Visitor pattern implementation in case of source code un-availability

You could combine a Wrapper and Visitor to solve your problems. Using the wrapper to add a visit method allows you to increase the usability of these objects. Of course you get the full advantages (less dependency on the legacy classes) and disadvantages (additional objects) of a wrapper.


Here's a worked-up example in JAVA (because it is pretty strict, does not do double-dispatch by itself, and I'm quite familiar with it):

1) Your legacy Objects

Assuming you have your legacy objects Legacy1 and Legacy2which you cannot change, which have specific business methods:

public final class Legacy1 {
    public void someBusinessMethod1(){
        ...
    }
}

and

public final class Legacy2 {
    public void anotherBusinessMethod(){
        ...
    }
}

2) Prepare the Wrapper

You just wrap them in a VisitableWrapper which has a visit method that takes your visitor, like:

public interface VisitableWrapper {
    public void accept(Visitor visitor);
}

With the following implementations:

public class Legacy1Wrapper implements VisitableWrapper {

    private final Legacy1 legacyObj;

    public Legacy1Wrapper(Legacy1 original){
        this.legacyObj = original;
    }

    public void accept(Visitor visitor){
         visitor.visit(legacyObj);
    }
}

and

public class Legacy2Wrapper implements VisitableWrapper {

    private final Legacy2 legacyObj;

    public Legacy2Wrapper(Legacy2 original){
        this.legacyObj = original;
    }

    public void accept(Visitor visitor){
         visitor.visit(legacyObj);
    }
}

3) Visitor, at the ready!

Then your own Visitors can be set to visit the wrapper like so:

public interface Visitor {
     public void visit(Legacy1 leg);
     public void visit(Legacy2 leg);
}

With an implementation like so:

public class SomeLegacyVisitor{

    public void visit(Legacy1 leg){
        System.out.println("This is a Legacy1! let's do something with it!");
        leg.someBusinessMethod1();
    }

    public void visit(Legacy2 leg){
        System.out.println("Hum, this is a Legacy 2 object. Well, let's do something else.");
        leg.anotherBusinessMethod();
    }
}

4) Unleash the power

Finally in your code, this framework would work like this:

public class TestClass{
    // Start off with some legacy objects
    Legacy1 leg1 = ...
    Legacy2 leg2 = ...

    // Wrap all your legacy objects into a List:
    List<VisitableWrapper> visitableLegacys = new ArrayList<>();
    visitableLegacys.add(new Legacy1Wrapper(legacy1));
    visitableLegacys.add(new Legacy2Wrapper(legacy2));

    // Use any of your visitor implementations!
    Visitor visitor = new SomeLegacyVisitor();
    for(VisitableWrapper wrappedLegacy: visitableLegacys){
        wrappedLegacy.accept(visitor);
    }
}

The expected output:

This is a Legacy1! let's do something with it!
Hum, this is a Legacy 2 object.

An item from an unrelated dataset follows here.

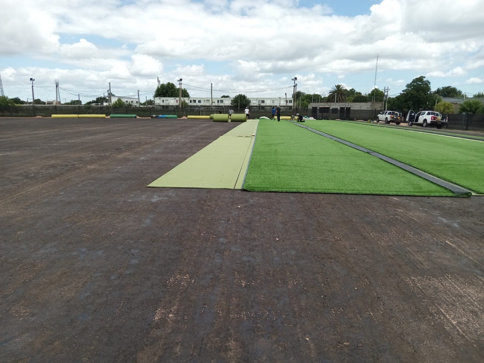 Ayer se comenzó con la instalación del césped sintético para el futuro estadio.

Well, let's do something else.

Drawbacks:

  1. Quite a lot of boilerplate. Use Lombok if you develop in Java.
  2. Quite a lot of wrapper objects instances. May or may not be a problem for you.
  3. You need to know the specific type of the objects beforehand. This implies you know their subtype, they aren't bundles in a List. If that's the case, you have no other option but to use reflection.